**AVAILABLE RECORDS**
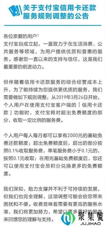 3月26日起,用户通过支付宝给信用卡还款将收费。
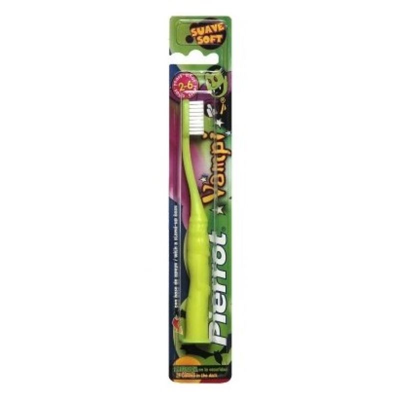 Сделайте вашему ребенку приятный сюрприз, избрав для него необычную и запоминающуюся детскую зубную щетку "Вампир", желтая Pierrot Baby. Веселый дизайн этой щетки приведет малыша в дикий восторг, ведь он сделает ежедневный уход за зубами веселым времяпровождением. У средства имеется эргономичная, нескользящая и удобная ручка, которая идеально подходит для руки ребенка. У зубной щетки мягкие щетинки, что помогает не травмировать десны и хорошо очищать зубы даже в труднодоступных местах. Ваш ребенок будет счастлив узнать, что данная щетка светится в темноте. Ведь это еще один повод превратить скучную процедуру в веселую игру. Поддерживающее основание позволяет удерживать щетку в вертикальном положении в любом месте. Улыбка вашего ребенка будет сиять здоровьем и приятной белизной. Помогите малышу самостоятельно ухаживать за своими зубами, не превращая чистку зубов в ежедневное наказание. Теперь ваш ребенок будет дарить окружающим и близким радость, чаще улыбаясь. Подарите малышу комфорт и свежесть с помощью превосходной детской зубной щетки "Вампир", желтая Pierrot Baby.
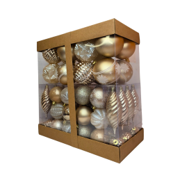 Kalėdiniai eglutės žaisliukai – elegantiškas ir prabangus rinkinys, kuriame subtiliai dera aukso atspalviai. Skirtingų formų ir paviršių burbulai – matiniai, blizgūs, blizgučiais dengti ir raštuoti – suteikia eglutei išskirtinio žavesio bei rafinuotos šventinės nuotaikos. Tai puikus pasirinkimas tiems, kurie mėgsta švelnų, šviesų ir klasikinį kalėdinį dekorą.
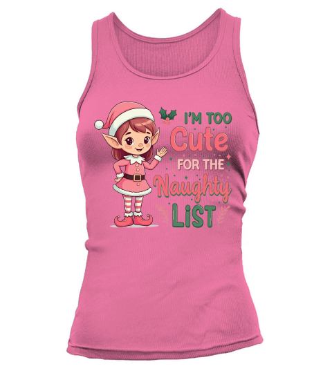 Shop Im too cute for the naughty list Tank top Woman custom made just for you. Available on many styles, sizes, and colors.
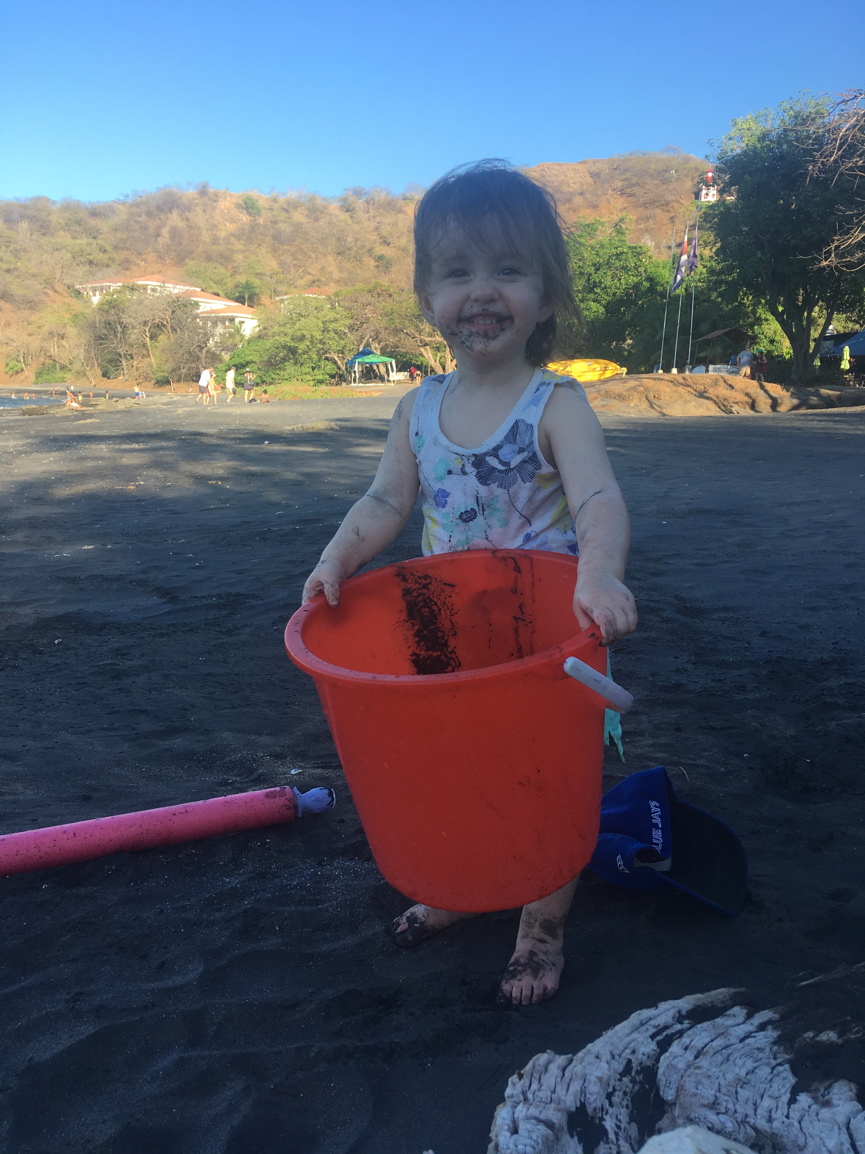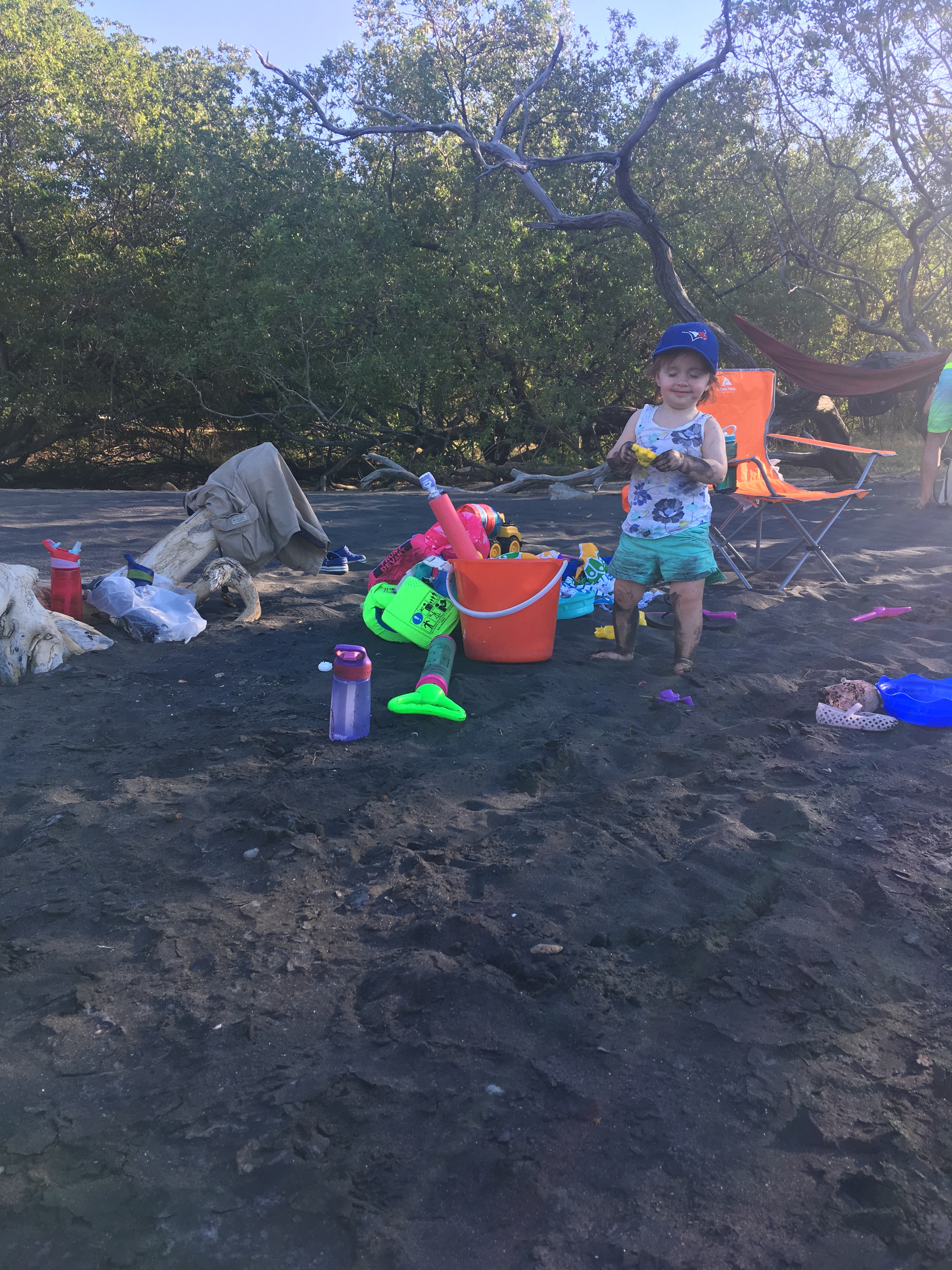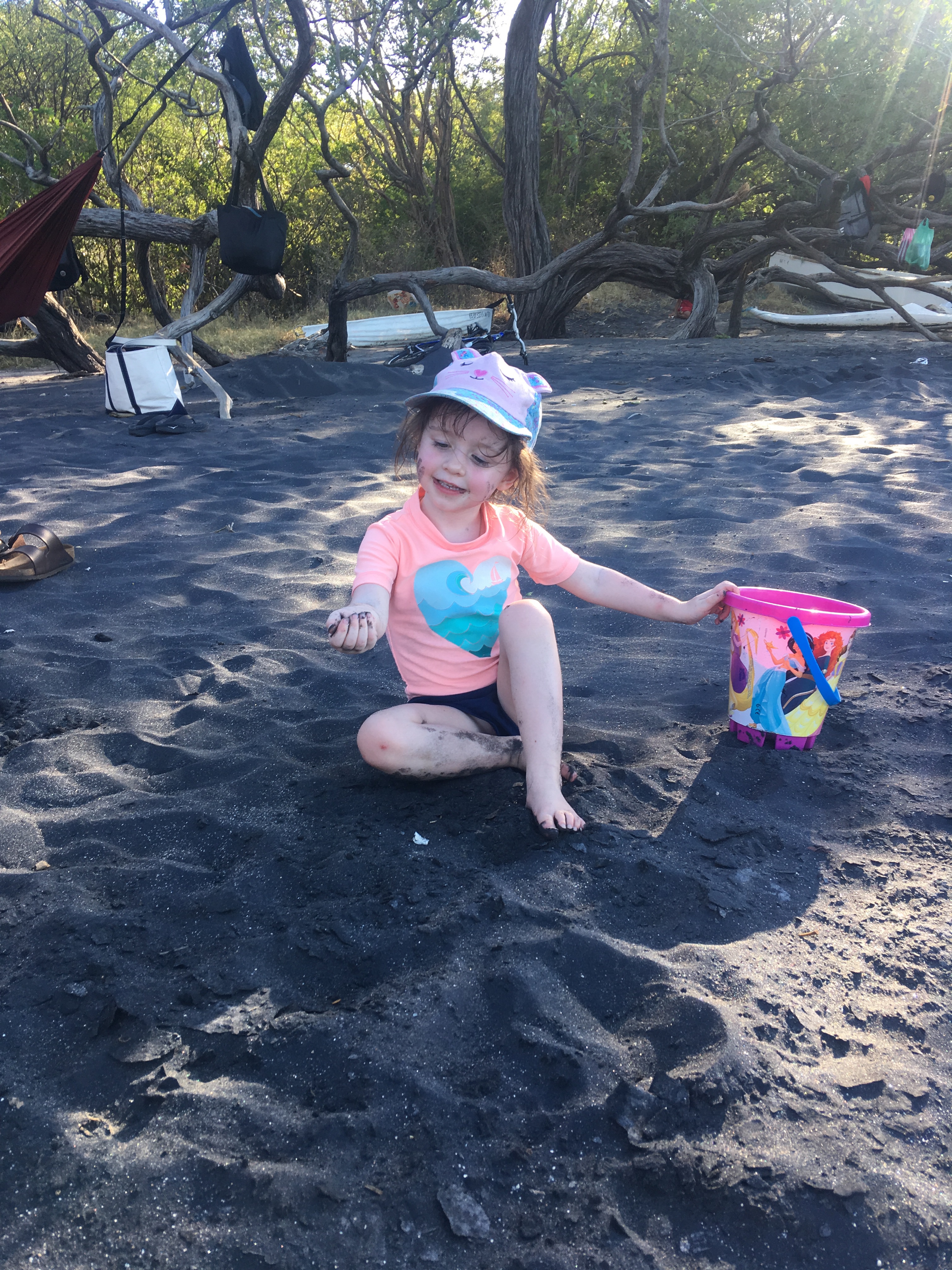 After nap time we headed to Playa Ocotal – the beach about 7km away to see how it compared to our local beach. It’s a black sand beach (from the volcanic activity) with cool trees reaching out over the sand. The sand was super cool, it’s soft and squishy and full of shells and pieces of coral. Everyone enjoyed the last few hours of sunlight on the beach before we had dinner at Father Roosters (another beachside restaurant).

**WHAT YOU NEED TO DO**
Exactly repeat the material from its first line through the line with "Shop Im too", including both, and leave the pictures and everything else out.

**RESPONSE AREA**
 3月26日起,用户通过支付宝给信用卡还款将收费。
 Сделайте вашему ребенку приятный сюрприз, избрав для него необычную и запоминающуюся детскую зубную щетку "Вампир", желтая Pierrot Baby. Веселый дизайн этой щетки приведет малыша в дикий восторг, ведь он сделает ежедневный уход за зубами веселым времяпровождением. У средства имеется эргономичная, нескользящая и удобная ручка, которая идеально подходит для руки ребенка. У зубной щетки мягкие щетинки, что помогает не травмировать десны и хорошо очищать зубы даже в труднодоступных местах. Ваш ребенок будет счастлив узнать, что данная щетка светится в темноте. Ведь это еще один повод превратить скучную процедуру в веселую игру. Поддерживающее основание позволяет удерживать щетку в вертикальном положении в любом месте. Улыбка вашего ребенка будет сиять здоровьем и приятной белизной. Помогите малышу самостоятельно ухаживать за своими зубами, не превращая чистку зубов в ежедневное наказание. Теперь ваш ребенок будет дарить окружающим и близким радость, чаще улыбаясь. Подарите малышу комфорт и свежесть с помощью превосходной детской зубной щетки "Вампир", желтая Pierrot Baby.
 Kalėdiniai eglutės žaisliukai – elegantiškas ir prabangus rinkinys, kuriame subtiliai dera aukso atspalviai. Skirtingų formų ir paviršių burbulai – matiniai, blizgūs, blizgučiais dengti ir raštuoti – suteikia eglutei išskirtinio žavesio bei rafinuotos šventinės nuotaikos. Tai puikus pasirinkimas tiems, kurie mėgsta švelnų, šviesų ir klasikinį kalėdinį dekorą.
 Shop Im too cute for the naughty list Tank top Woman custom made just for you. Available on many styles, sizes, and colors.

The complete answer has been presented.